*** Opening of Information provided ***

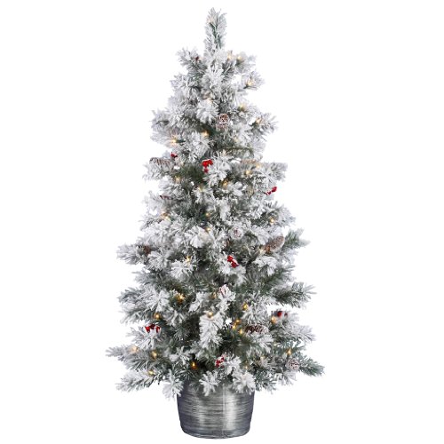 Vickerman 27758 - 4' x 28" Flocked Pine Berry 100 Clear Lights Christmas Tree (J123341) - 4' x 28" - Flocked Pine - 196 Tips - 100 Clear Miniature Lights - Plastic Pot | Vickerman Pre-Lit Christmas Tree with Snowy Berries
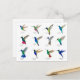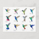 Carte postale unique représentant plusieurs espèces de colibris tropicaux peints à la main, tels que le colibri mango, le colibri coronette pourprée, le colibri à gorge bleue, le saphir à queue dorée, le colibri front étoilé foncé et le colibri oreille-de-violet mexicain, entre autres. Images tirées de mes peintures aquarelles originales.
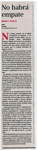 No habrá empate en el juego corrupción vs justicia. Y no puede ni debe haber, ese resultado sería inaceptable. Tampoco habrá vencedores ni vencidos, la única ganadora es la patria con la esperanza de que nuestro amado país no se hunda por la codicia inmunda de algunos pocos.
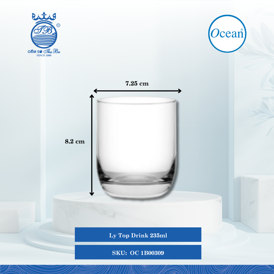 | OC 1B00309 | Ø: 7.25cm - ØĐáy: 5.2cm - ØMiệng: 7.1cm - 235ml - Cao: 8.2cm - 72 Cái/Thùng - 6 Cái/Hộp |

*** Close of Information provided ***

* **Required action**
Reprint the whole listing above exactly, taking out the pictures.

* **Output for this exercise**
 Vickerman 27758 - 4' x 28" Flocked Pine Berry 100 Clear Lights Christmas Tree (J123341) - 4' x 28" - Flocked Pine - 196 Tips - 100 Clear Miniature Lights - Plastic Pot | Vickerman Pre-Lit Christmas Tree with Snowy Berries
 Carte postale unique représentant plusieurs espèces de colibris tropicaux peints à la main, tels que le colibri mango, le colibri coronette pourprée, le colibri à gorge bleue, le saphir à queue dorée, le colibri front étoilé foncé et le colibri oreille-de-violet mexicain, entre autres. Images tirées de mes peintures aquarelles originales.
 No habrá empate en el juego corrupción vs justicia. Y no puede ni debe haber, ese resultado sería inaceptable. Tampoco habrá vencedores ni vencidos, la única ganadora es la patria con la esperanza de que nuestro amado país no se hunda por la codicia inmunda de algunos pocos.
 | OC 1B00309 | Ø: 7.25cm - ØĐáy: 5.2cm - ØMiệng: 7.1cm - 235ml - Cao: 8.2cm - 72 Cái/Thùng - 6 Cái/Hộp |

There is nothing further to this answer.